Nothing existed in the world but him and the heart of the bear.

The bear toppled sideways and Petr felt his shoulder pop. The grizz made a curious whining cry, turning its mouth gingerly aside. Its legs coiled like springs and Petr knew his stomach was about to be churned out like spaghetti from a bowl.

Thick claws raked him but clicked against metal as something round pounded his gut. And for some reason he knew what to do next. He forced the knife into a grisly circling stroke. Hot greasy fluids boiled over his hand and the big beating heart popped like a balloon. The grizzly stiffened. Blood poured from its mouth.

From somewhere a keening wail had been going on forever. “Eeeeeeeiiiiiii!” A little girl pulling on him, screaming and kicking and beating.

Blood rivered over him in big red gushes–but the girl was there to help free him. She didn’t stop screaming as she pulled his arm from the gushing throat and his arm floated out like a newborn baby. Red teeth-marks sliced from his bicep to his wrist. He did not want to believe that arm was part of him–or his hand–a dead-looking blob that no longer held a knife. Well, it was a good place to leave the knife. He crawled away.

Collapsing on his back, wiping sticky goo from his face, he was coated in purple puke. No girl should see such a sight. Poor Annabel, where was she? Was she all right?
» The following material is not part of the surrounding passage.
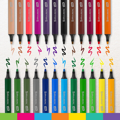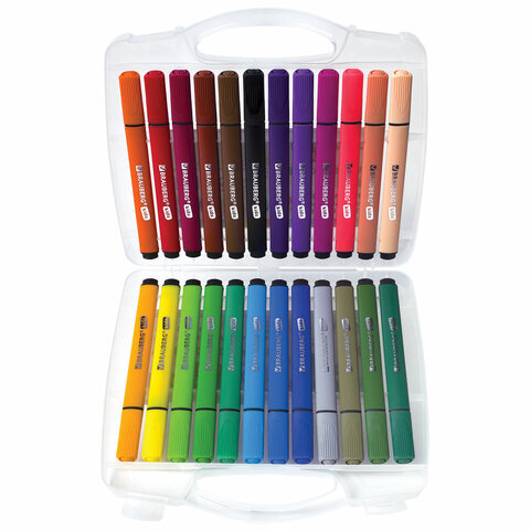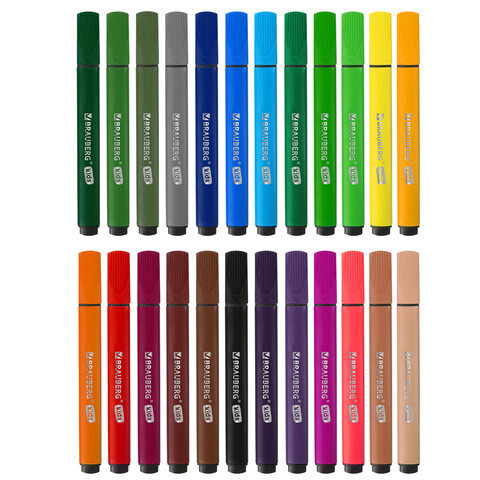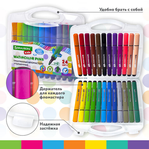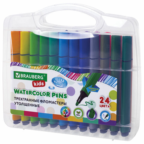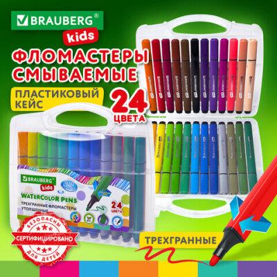 • Фломастеры BRAUBERG KIDS - набор из 24 утолщенных трехгранных фломастеров со смываемыми чернилами в пластиковом кейсе для рисования.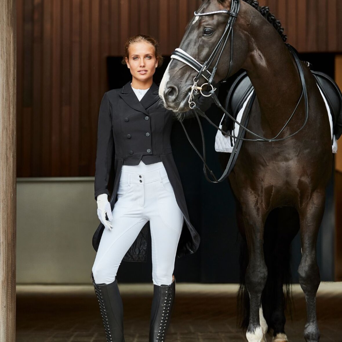 Stævneridebukser fra Catago. Ridebukserne er med fuld silkone grip, høj talje med bæltestropper. De er fremstillet i stretch materiale som samtidig er åndbart.

He didn’t have strength to stand so he twisted around. Annabel was standing over the dead bear with her fists clenched and her voice even higher than usual. “Bad old bear! Why did you do that? Bad old bear!”

He gasped, “Annabel…it’s…not much…farther. Get help…get Papa.”
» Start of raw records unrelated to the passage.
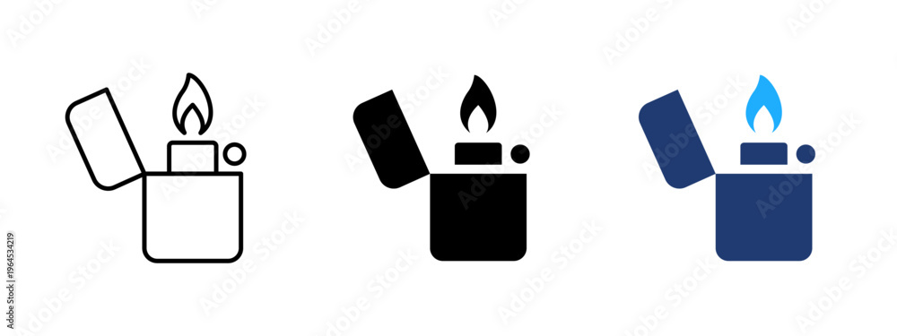 Gasoline lighter icon. Pocket lighter and ignition symbol. Flame, spark and fuel sign. Fire start concept representing gasoline lighter, refillable and flammable ignition tool. #1964534219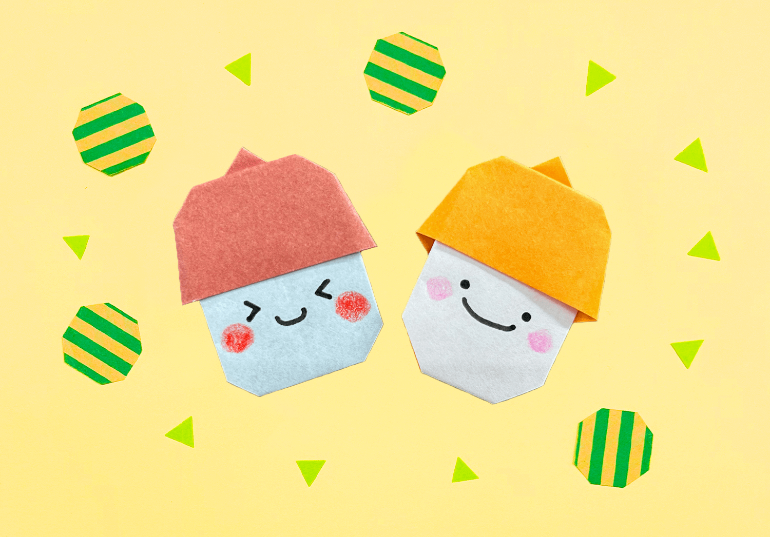 できあがったどんぐりに、お顔を描いてみよう!簡単な折り方で作ることができるので、たくさん作って並べたり、数えて遊ぶのにもおすすめです☆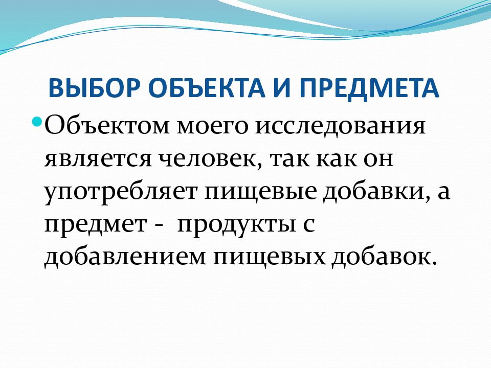 Объектом моего исследования является человек, так как он употребляет пищевые добавки, а предмет - продукты с добавлением пищевых добавок.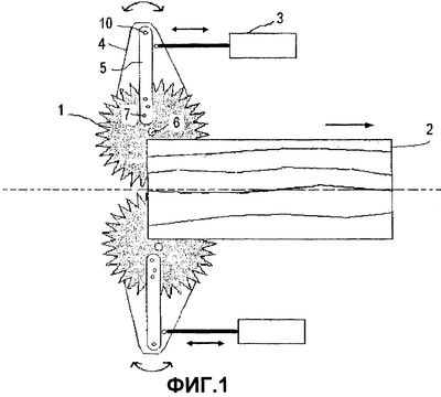 Распиливаемая часть, наружные части которой будут отпилены, обозначена на фиг.2 ссылочной позицией 2. Согласно чертежу, дисковые полотна 1 пилы управляются направляющими для дискового полотна, при этом направляющие для дискового полотна присоединены так, что они находятся на двух боковых сторонах дисковых полотен 1 пилы. Направляющие 5 для дискового полотна соединены шарнирно или соответствующим способом с соединительной частью 9, которая присоединена к соединительному рычажному блоку 4. Направляющие для дискового полотна могут перемещаться вправо или влево, если требуется, потому что они могут перемещаться в соединительную часть 9, а направляющие для дискового полотна могут блокироваться в заданном положении при помощи соединительного винта или соответствующего соединительного элемента 10. При перемещении направляющих 5 для дискового полотна в горизонтальном направлении дисковые полотна 1 пилы также могут перемещаться в горизонтальном направлении влево или вправо, потому что приводной вал 6 имеет резьбу, вдоль которой дисковые полотна пилы могут перемещаться, и дисковым полотнам пилы сообщается вращательный момент от резьбы на валу (на чертеже резьба не показана). Соединительный рычаг 4 шарнирно прикреплен к концу 11 корпуса подшипника в приводном двигателе. Соединительный рычаг прикреплен к концу корпуса подшипника в приводном двигателе так, что он расположен концентрично с приводным валом 6.

She crouched beside him, hands on knees, staring at him, her dress a bloody rag, her voice awestruck. “That was amazing. Where did you learn that–that was real Injun fighting. You jumped, you swung, you rolled, you–”

“Rocky! Get Papa and don’t tell Mama.”

She nodded and ran away. She was a girl, but she was reliable. He had one last thought: That was one hell of a birthday. Then everything went black.